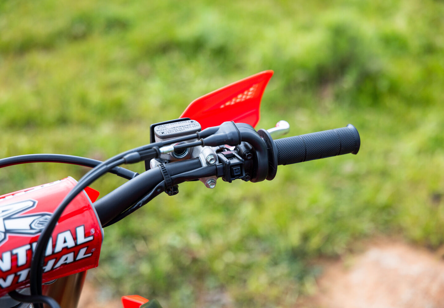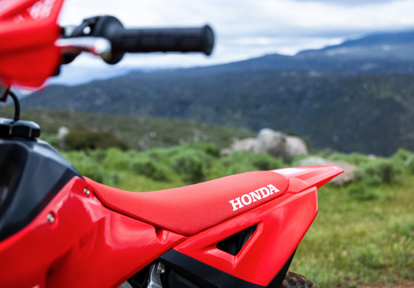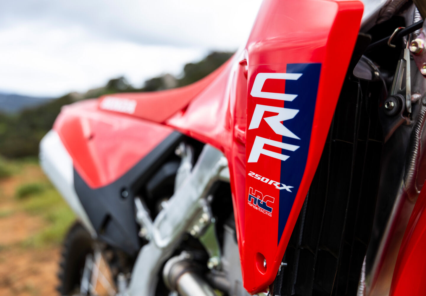 The CRF250RX frame is the foundation for the bike’s exceptional handling. Almost identical to a motocross one, just with a lower engine mount. The short swingarm delivers better rear-wheel traction, and reduces unsprung mass, important considering how much power you have on tap.
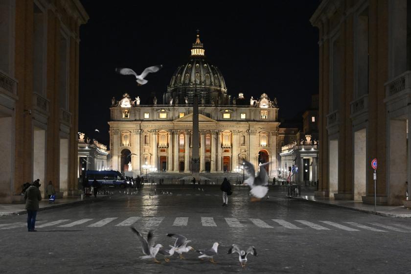 Vaticaanstad, 27 maart 2021 - De belichting van de koepel en façade van de Sint-Pietersbasiliek en de colonnade van het Sint-Pietersplein is vanavond een uur uitgeschakeld geweest. Dat is gedaan in het kader van Earth Hour, een klimaat- en milieubeschermingscampagne.
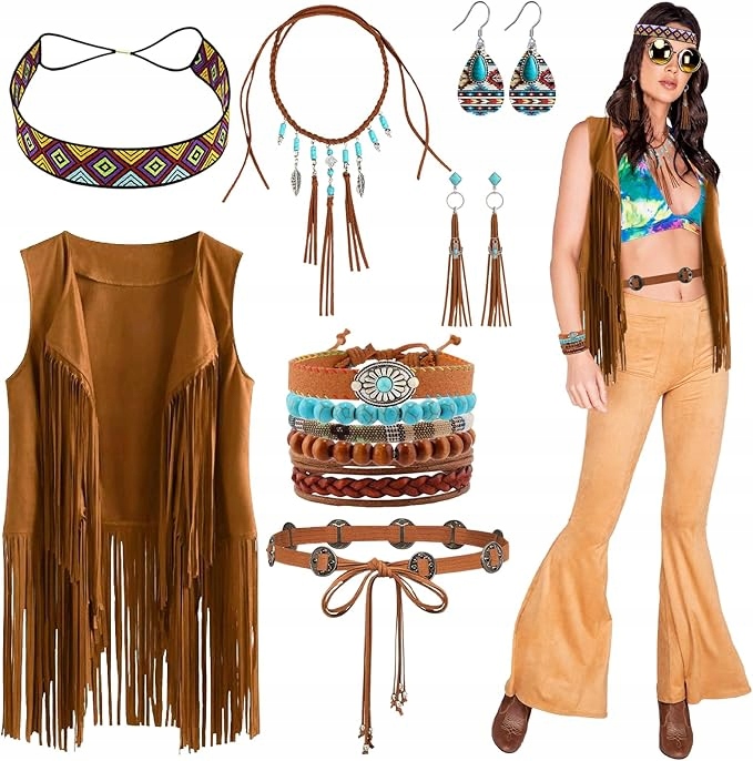 - Наряд в стиле хиппи 70-х годов: вы получите 1 жилет в стиле хиппи, 1 цепочку с кисточками, 1 пару сережек с кисточками, 1 повязку на голову в стиле бохо, 1 пару сережек-подвесок, 1 цепочку на талию и 1 браслет в стиле бохо. Превратите себя в свободный дух бохо с нашими нарядами хиппи 60-х и 70-х годов.
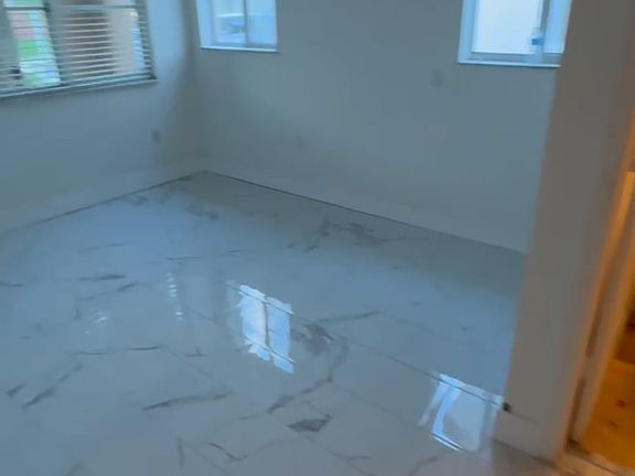 Just remodeled the entire house with new white porcelain floors, new Kitchen with stainless steel appliances, flat cooktop, new central A/C, washer, dryer, private yard with mango trees and storage shed.
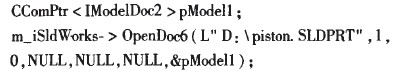 其中D:piston.SLDPRT为模板文件的储存目录,模板文件打开后弹出对话框,用户输入尺寸参数,点击确定,程序将用户输入的参数通过对话框中的变量传递至尺寸变量:
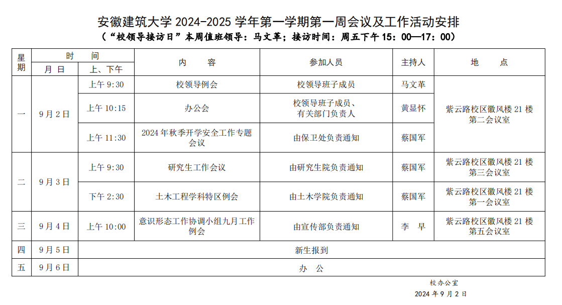 安徽建筑大学2024-2025学年第一学期第一周会议及工作活动安排
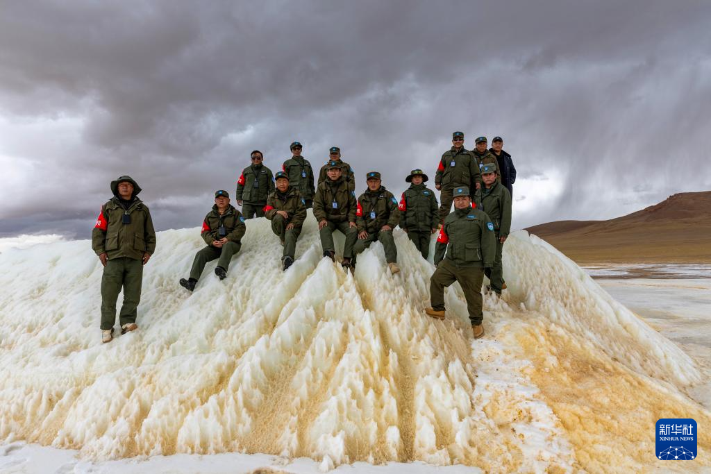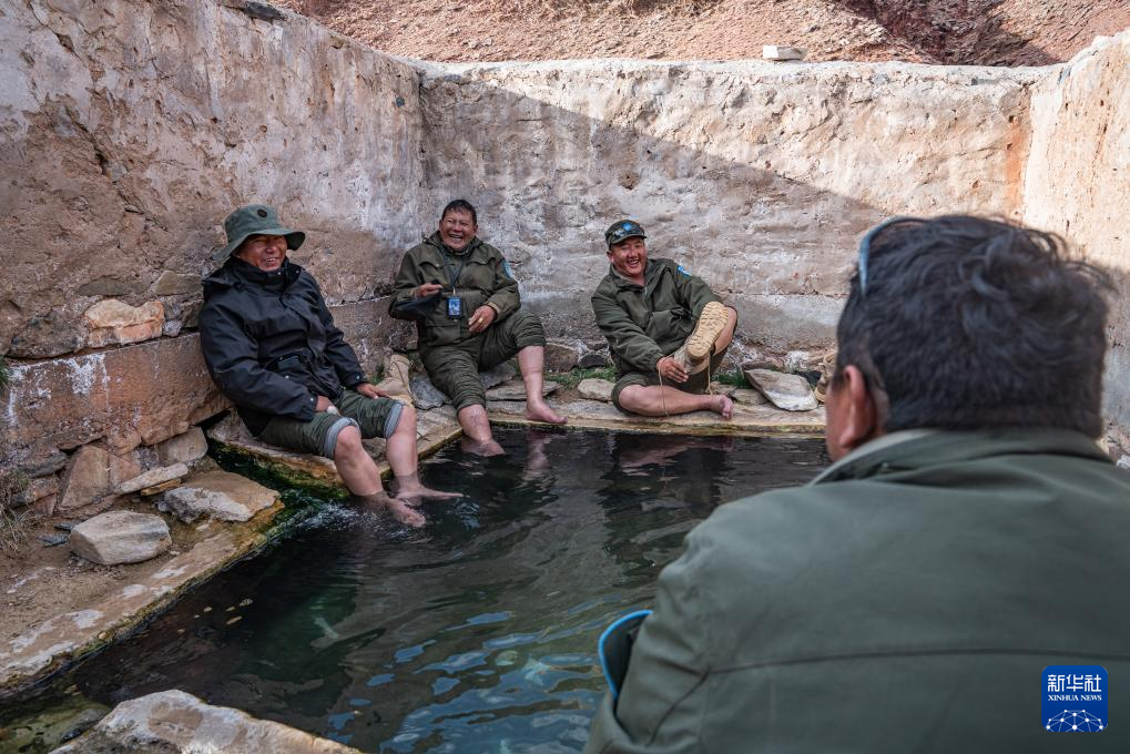 ??野生動物專業(yè)管護(hù)隊員們在一處廢棄的溫泉池中泡腳休息(5月8日攝)。新華社記者 丁增尼達(dá) 攝
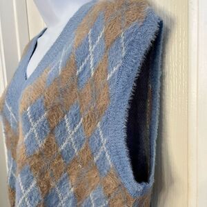 William Rast Argyle Soft Light Blue Tan Preppy Sweater Vest NWOT Size M
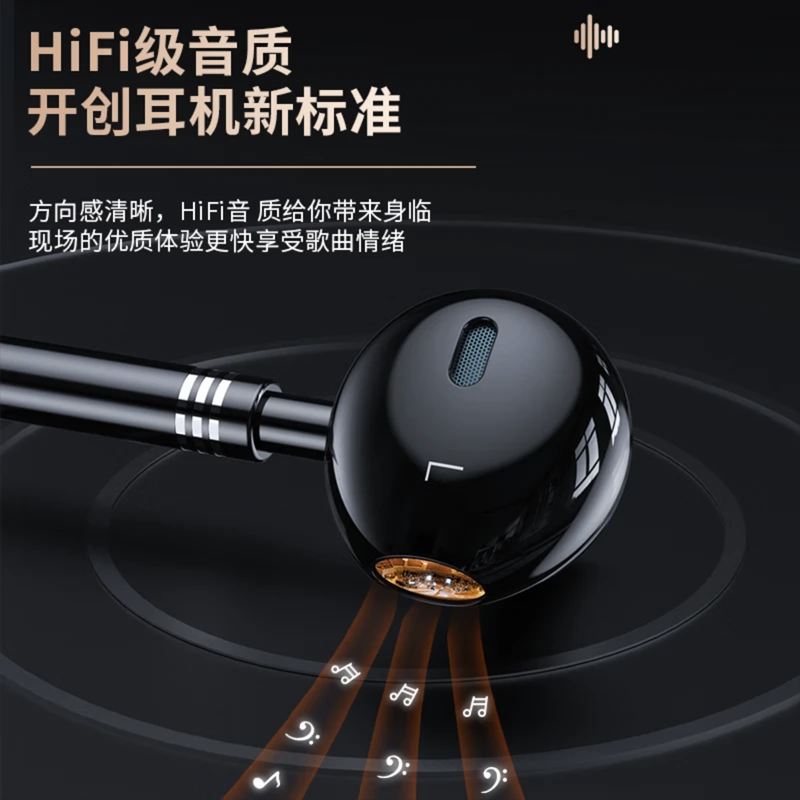 小音享有线耳机入耳式typec接口圆孔适用于小米华为苹果台式电脑
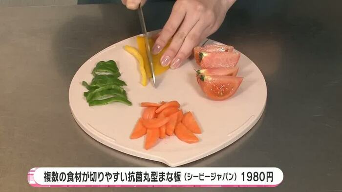 こちらのちょっと変わった丸い形のまな板は、食材を切った後にまな板を回転して使うことができるんです。1つのまな板で複数の材料を切ることができるので、何度も洗う手間が省けます。
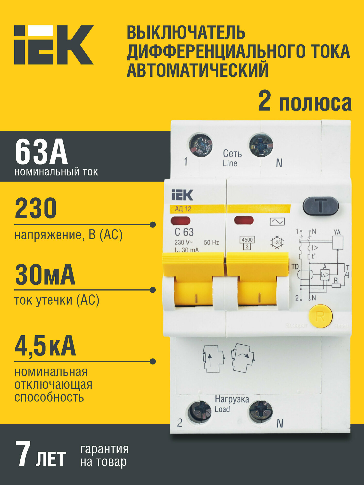 Дифференциальный автоматический выключатель АД12 2Р 63А 30мА IEK

- **PROBLEM REQUIREMENTS**
With the pictures left out, write out exactly the lines from the line containing "- Наряд в стиле" through the last line of the entries above, both ends included, and no others.

- **RESPONSE TO THE TASK**
 - Наряд в стиле хиппи 70-х годов: вы получите 1 жилет в стиле хиппи, 1 цепочку с кисточками, 1 пару сережек с кисточками, 1 повязку на голову в стиле бохо, 1 пару сережек-подвесок, 1 цепочку на талию и 1 браслет в стиле бохо. Превратите себя в свободный дух бохо с нашими нарядами хиппи 60-х и 70-х годов.
 Just remodeled the entire house with new white porcelain floors, new Kitchen with stainless steel appliances, flat cooktop, new central A/C, washer, dryer, private yard with mango trees and storage shed.
 其中D:piston.SLDPRT为模板文件的储存目录,模板文件打开后弹出对话框,用户输入尺寸参数,点击确定,程序将用户输入的参数通过对话框中的变量传递至尺寸变量:
 安徽建筑大学2024-2025学年第一学期第一周会议及工作活动安排
 ??野生動物專業(yè)管護(hù)隊員們在一處廢棄的溫泉池中泡腳休息(5月8日攝)。新華社記者 丁增尼達(dá) 攝
 William Rast Argyle Soft Light Blue Tan Preppy Sweater Vest NWOT Size M
 小音享有线耳机入耳式typec接口圆孔适用于小米华为苹果台式电脑
 こちらのちょっと変わった丸い形のまな板は、食材を切った後にまな板を回転して使うことができるんです。1つのまな板で複数の材料を切ることができるので、何度も洗う手間が省けます。
 Дифференциальный автоматический выключатель АД12 2Р 63А 30мА IEK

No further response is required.